Continental is selling parts of its Vistesco Technologies and Contitech divisions. Vistesco produces powertrain systems, and Contitech focuses on rubber components. The divestment is part of Continental’s $1.2B restructuring plan.
BorgWarner completed its purchase of Delphi Technologies late last week.
A Toyota-Panasonic JV will build lithium-ion batteries for hybrid vehicles at a Panasonic plant in Tokushima, Japan starting in 2022. The production line will have enough capacity to produce around 500,000 batteries per year.
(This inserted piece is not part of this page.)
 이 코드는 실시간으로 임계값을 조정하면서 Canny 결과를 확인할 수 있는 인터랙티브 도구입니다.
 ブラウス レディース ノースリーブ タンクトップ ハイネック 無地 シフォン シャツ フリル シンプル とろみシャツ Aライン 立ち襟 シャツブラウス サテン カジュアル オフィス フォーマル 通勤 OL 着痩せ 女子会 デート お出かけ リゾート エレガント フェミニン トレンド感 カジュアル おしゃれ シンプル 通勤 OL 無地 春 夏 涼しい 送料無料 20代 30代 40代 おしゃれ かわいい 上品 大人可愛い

GM tentatively agreed to purchase an 11% stake in Nikola, a revision after Nikola’s stock price plummeted. GM would manufacture an electric pickup for Nikola and provide hydrogen fuel-cell technology.
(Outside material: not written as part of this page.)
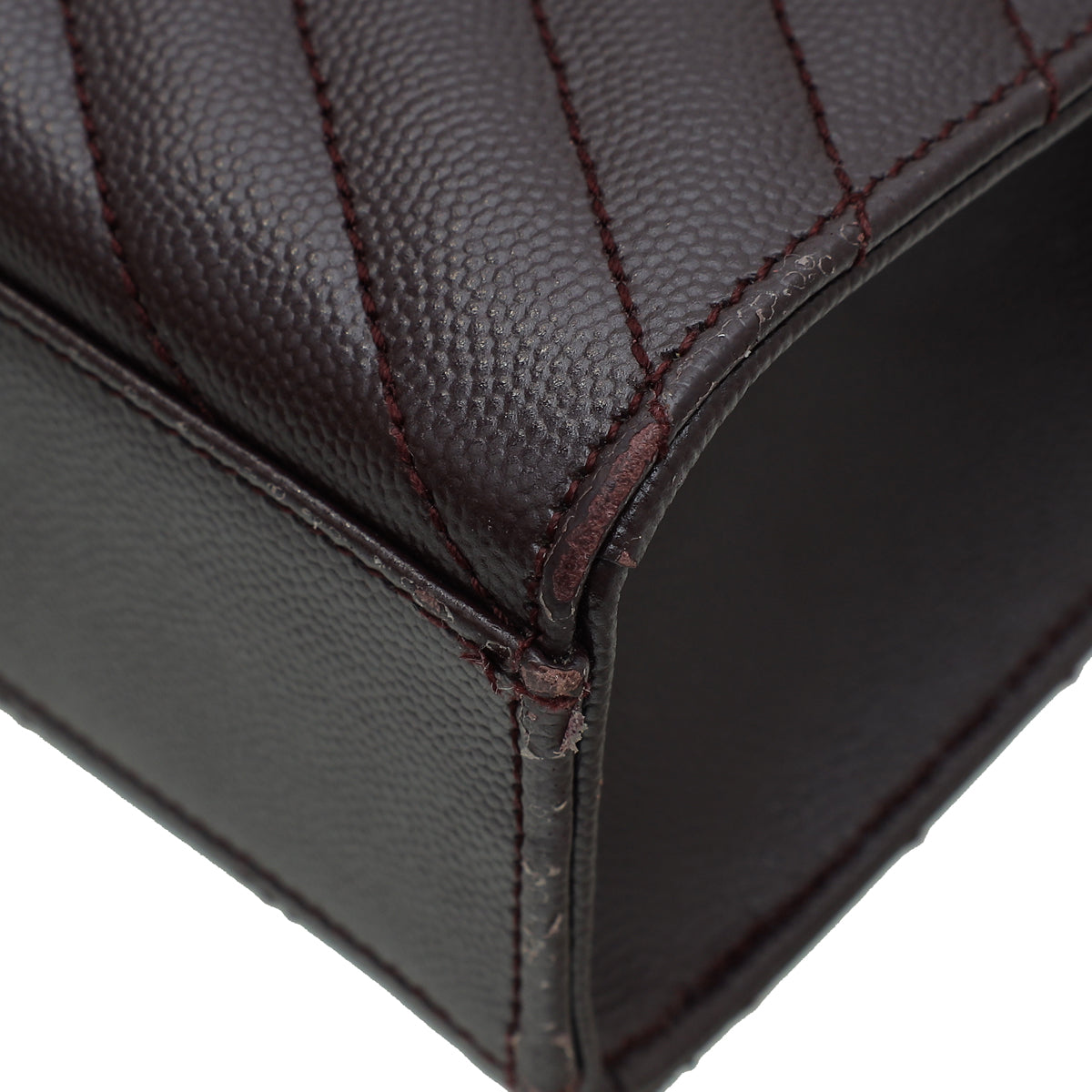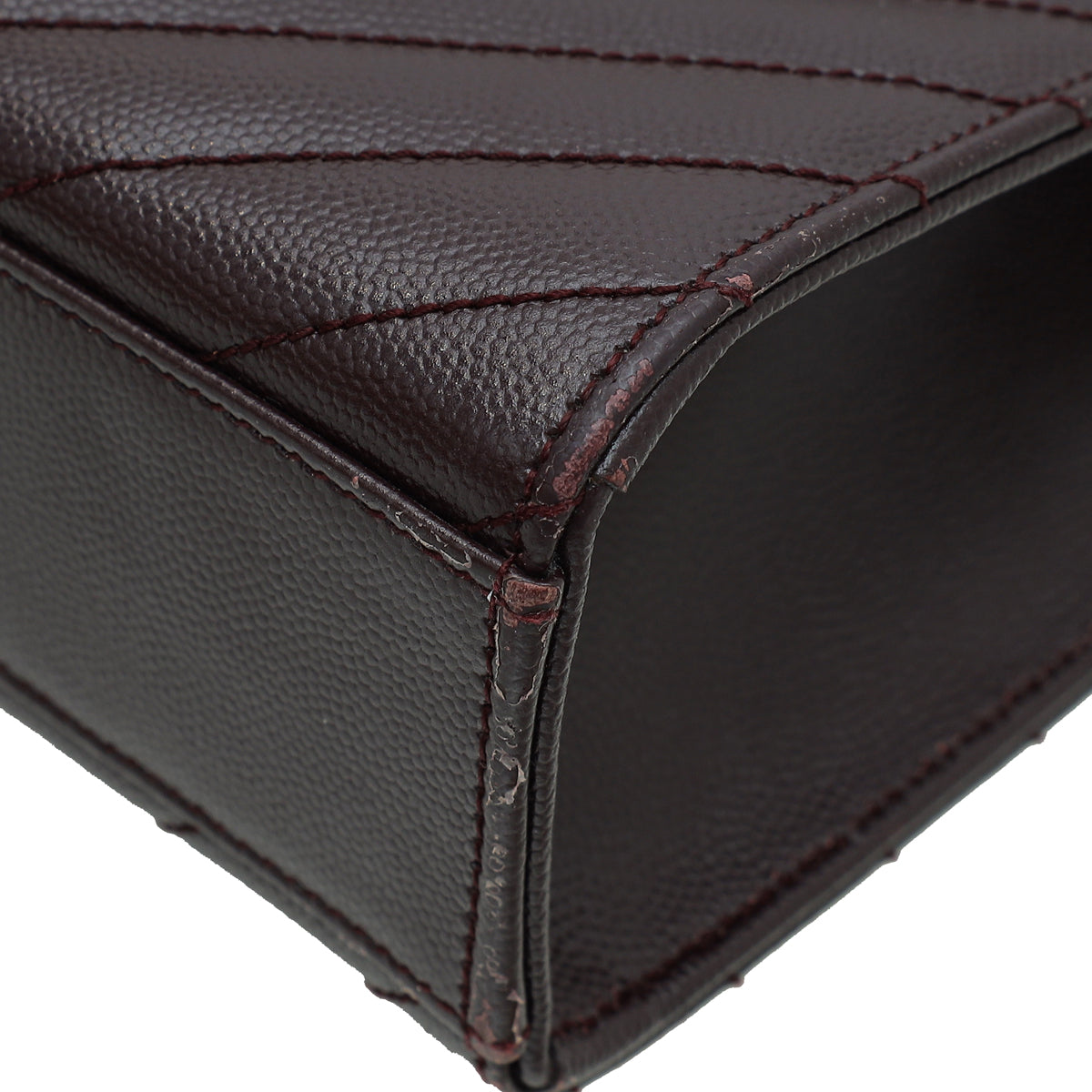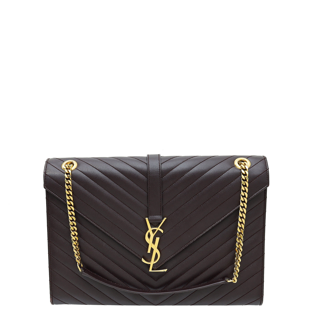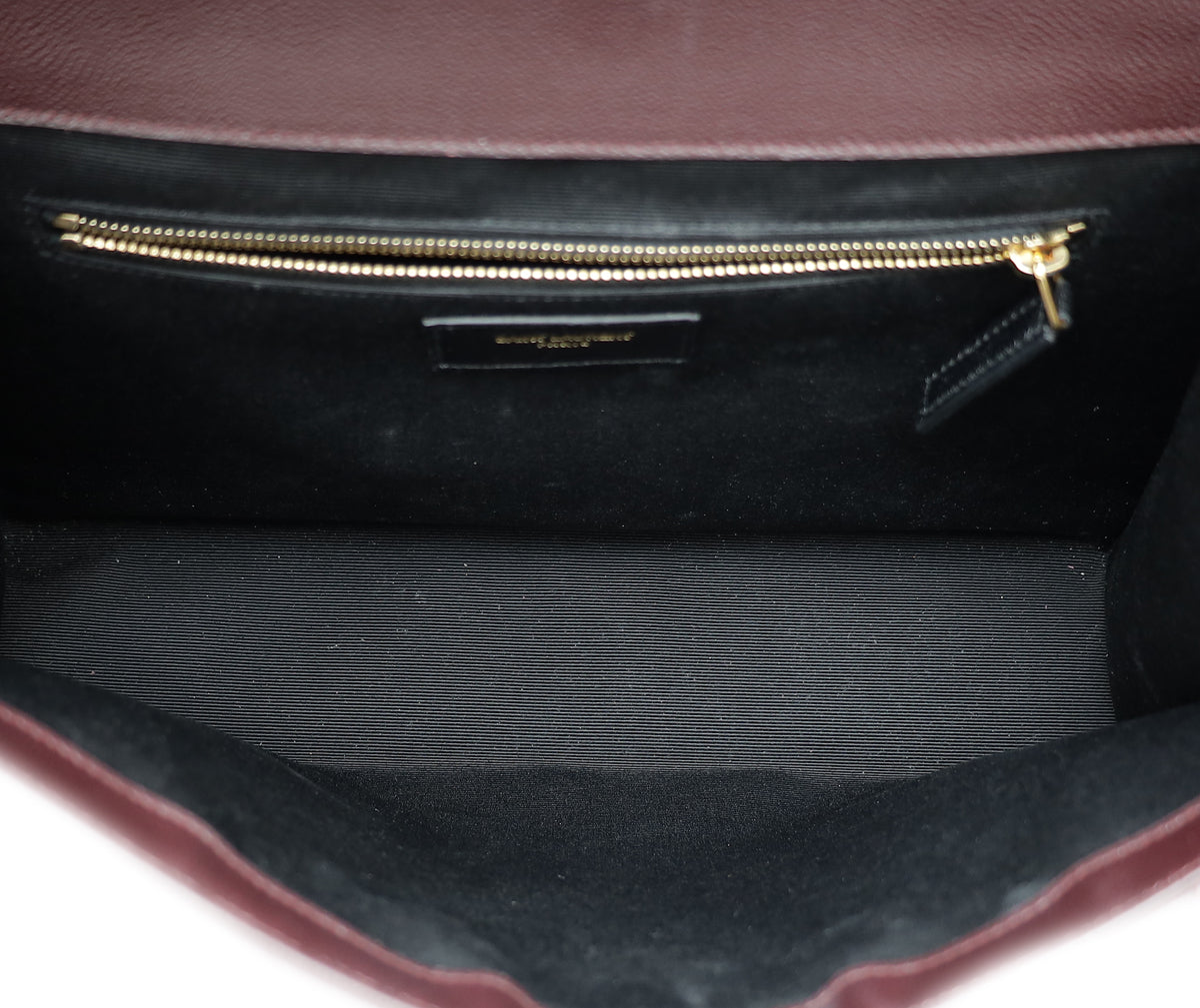 YSL Burgundy Monogram Chevron Satchel Large Bag

Ford revealed it owns a 7.6% stake in Velodyne Lidar in an SEC filing.
DURA Automotive has broken ground on its new plant in Muscle Shoals, Alabama. The $75M, 200k sf facility will be completed by April 2021 and employ around 279 full-time workers.
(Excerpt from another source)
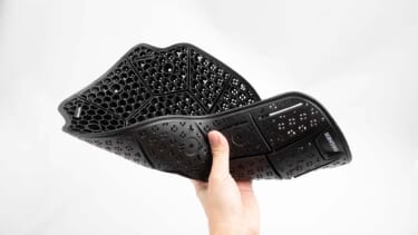 通常は柔らかいけど衝撃を受けると硬化する性質があるため、ゴツくない、スマートなスタイリングを実現できるのです。画像のようにぐにゃりと曲がるということからも、柔軟性がわかるでしょう。

Faurecia has opened its R&D center for hydrogen storage systems in Bavans, France.
Tesla warned workers that an employee was fired after they “maliciously sabotaged” part of its Fremont, California factory in September.
Toyota and Nissan will reportedly ask the UK to pay them back any customs charges leveled against their cars in the event of a “no-deal” Brexit.
BMW’s CFO, Nicolas Peter, believes Brexit could cost the auto industry $13B without tariff-free trade.
To cut battery costs in half, Tesla plans to produce a new type of battery cell at its Berlin Gigafactory. Elon Musk says it could be a “significant production risk.”